═══ Given data
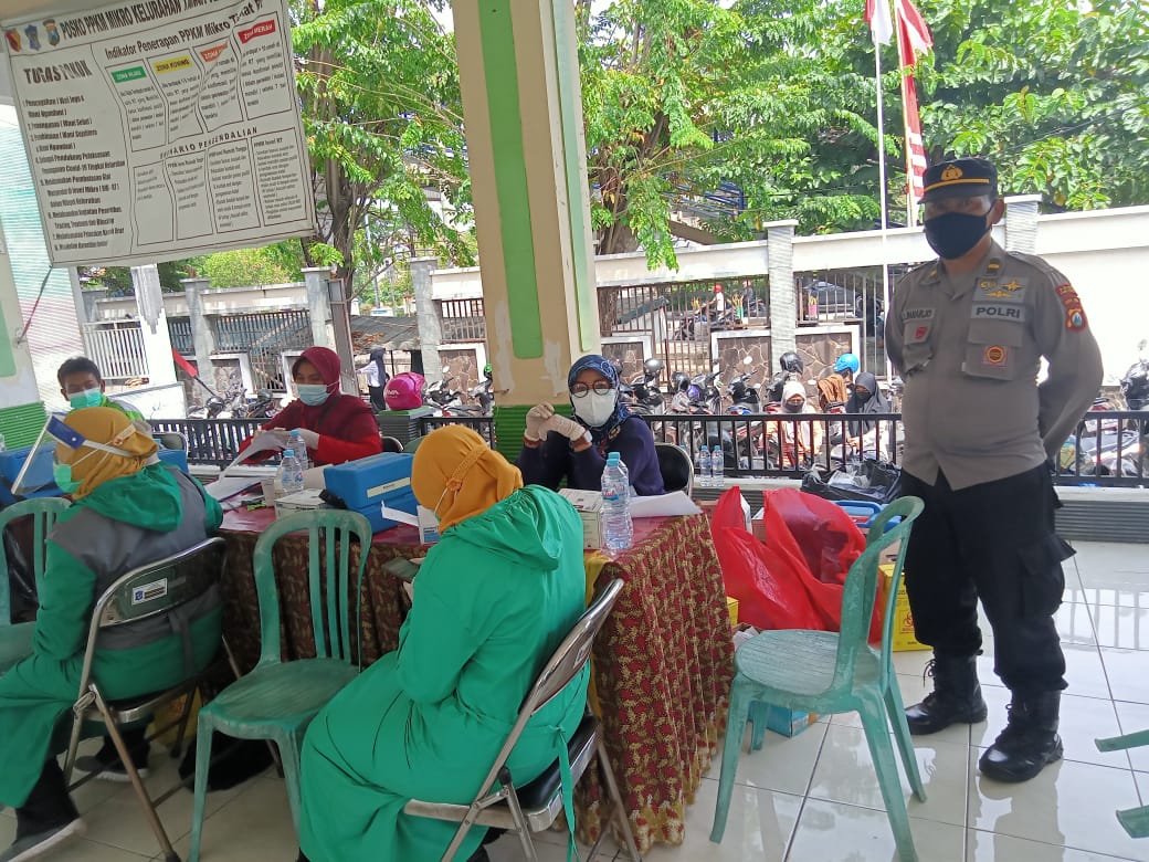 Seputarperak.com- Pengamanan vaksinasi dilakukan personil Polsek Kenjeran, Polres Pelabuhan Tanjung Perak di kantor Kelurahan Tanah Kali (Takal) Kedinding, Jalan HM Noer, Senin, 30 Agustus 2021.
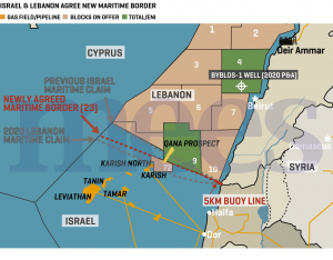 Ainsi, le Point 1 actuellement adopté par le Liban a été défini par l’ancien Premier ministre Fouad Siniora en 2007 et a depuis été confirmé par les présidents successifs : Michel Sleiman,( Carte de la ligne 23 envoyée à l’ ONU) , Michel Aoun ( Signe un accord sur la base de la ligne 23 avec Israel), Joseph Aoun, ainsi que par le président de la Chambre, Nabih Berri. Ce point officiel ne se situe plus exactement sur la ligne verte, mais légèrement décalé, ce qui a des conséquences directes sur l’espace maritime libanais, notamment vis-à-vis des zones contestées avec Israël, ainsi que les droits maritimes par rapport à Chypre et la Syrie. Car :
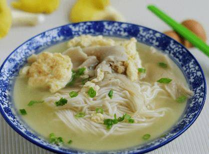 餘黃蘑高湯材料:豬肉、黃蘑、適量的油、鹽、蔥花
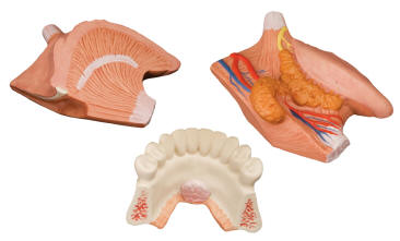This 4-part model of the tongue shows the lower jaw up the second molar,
══════
═══ Given data
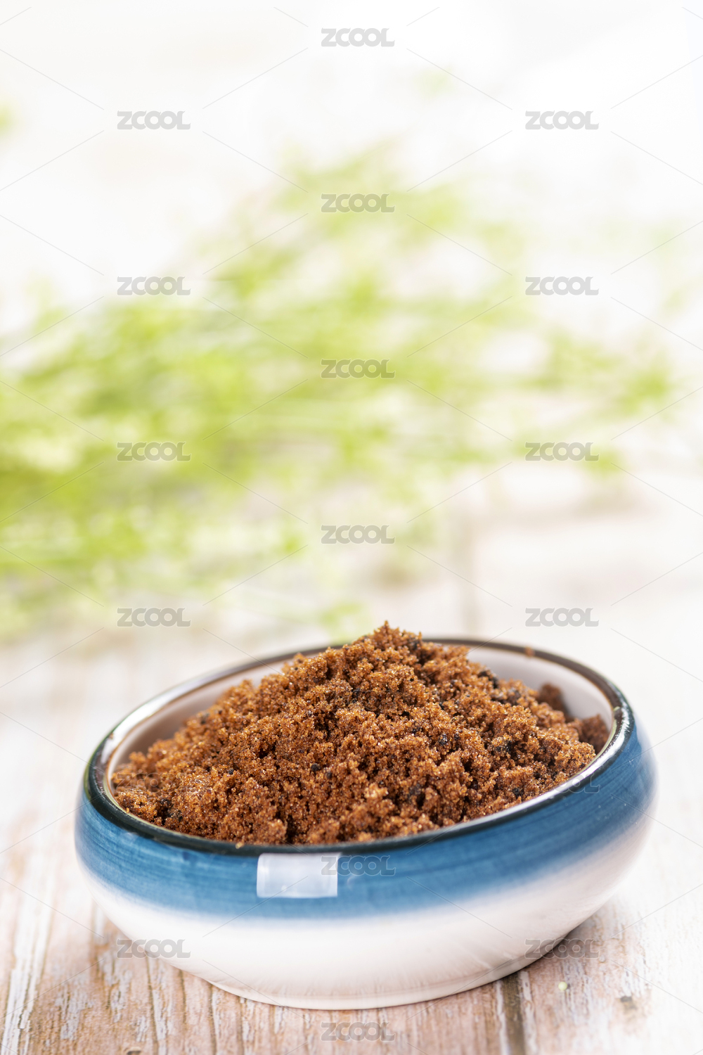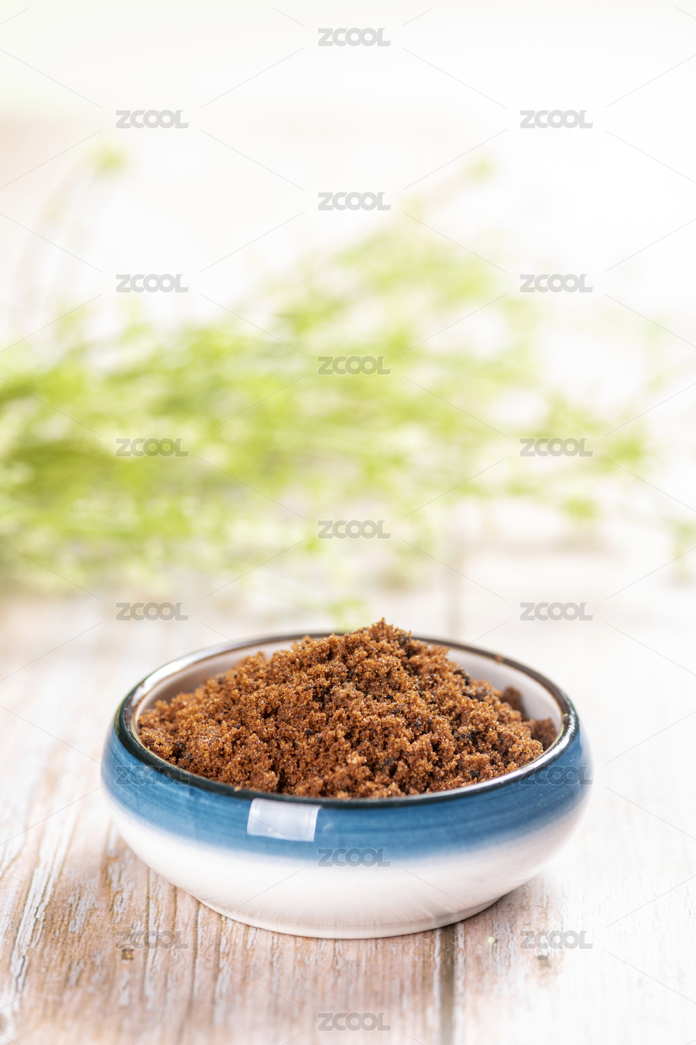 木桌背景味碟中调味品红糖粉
══════
═══ Given data
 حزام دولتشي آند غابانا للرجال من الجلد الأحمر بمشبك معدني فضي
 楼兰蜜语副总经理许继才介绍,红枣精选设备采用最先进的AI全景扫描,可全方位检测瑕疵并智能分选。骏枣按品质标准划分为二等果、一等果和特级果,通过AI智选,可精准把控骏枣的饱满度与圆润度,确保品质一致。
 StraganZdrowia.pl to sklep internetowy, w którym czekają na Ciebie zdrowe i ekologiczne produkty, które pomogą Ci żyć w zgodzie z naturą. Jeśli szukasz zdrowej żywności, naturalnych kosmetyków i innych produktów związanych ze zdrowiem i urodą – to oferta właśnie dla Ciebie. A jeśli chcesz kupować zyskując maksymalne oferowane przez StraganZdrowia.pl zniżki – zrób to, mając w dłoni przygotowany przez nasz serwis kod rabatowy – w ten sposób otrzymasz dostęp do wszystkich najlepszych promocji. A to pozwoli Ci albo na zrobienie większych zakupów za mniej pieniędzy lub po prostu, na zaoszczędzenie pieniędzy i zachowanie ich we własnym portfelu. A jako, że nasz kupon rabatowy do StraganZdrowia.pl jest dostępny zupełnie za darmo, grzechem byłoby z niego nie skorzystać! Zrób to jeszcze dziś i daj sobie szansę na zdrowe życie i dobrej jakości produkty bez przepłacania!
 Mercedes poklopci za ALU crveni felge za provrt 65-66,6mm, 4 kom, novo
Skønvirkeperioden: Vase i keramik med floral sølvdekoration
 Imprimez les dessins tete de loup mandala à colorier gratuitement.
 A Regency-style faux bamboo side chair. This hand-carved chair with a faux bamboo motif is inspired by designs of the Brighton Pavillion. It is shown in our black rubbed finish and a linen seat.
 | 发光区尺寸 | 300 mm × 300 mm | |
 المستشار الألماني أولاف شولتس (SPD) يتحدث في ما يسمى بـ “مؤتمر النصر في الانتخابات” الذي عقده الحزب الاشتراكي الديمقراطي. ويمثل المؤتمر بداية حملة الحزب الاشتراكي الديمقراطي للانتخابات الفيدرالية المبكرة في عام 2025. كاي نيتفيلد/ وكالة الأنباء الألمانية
══════
- **What is required**
Look back at the data above. Transcribe exactly the lines starting at the line that contains "Imprimez les dessins" and ending at the line that contains "المستشار الألماني أولاف".

- **Solution to this problem**
 Imprimez les dessins tete de loup mandala à colorier gratuitement.
 A Regency-style faux bamboo side chair. This hand-carved chair with a faux bamboo motif is inspired by designs of the Brighton Pavillion. It is shown in our black rubbed finish and a linen seat.
 | 发光区尺寸 | 300 mm × 300 mm | |
 المستشار الألماني أولاف شولتس (SPD) يتحدث في ما يسمى بـ “مؤتمر النصر في الانتخابات” الذي عقده الحزب الاشتراكي الديمقراطي. ويمثل المؤتمر بداية حملة الحزب الاشتراكي الديمقراطي للانتخابات الفيدرالية المبكرة في عام 2025. كاي نيتفيلد/ وكالة الأنباء الألمانية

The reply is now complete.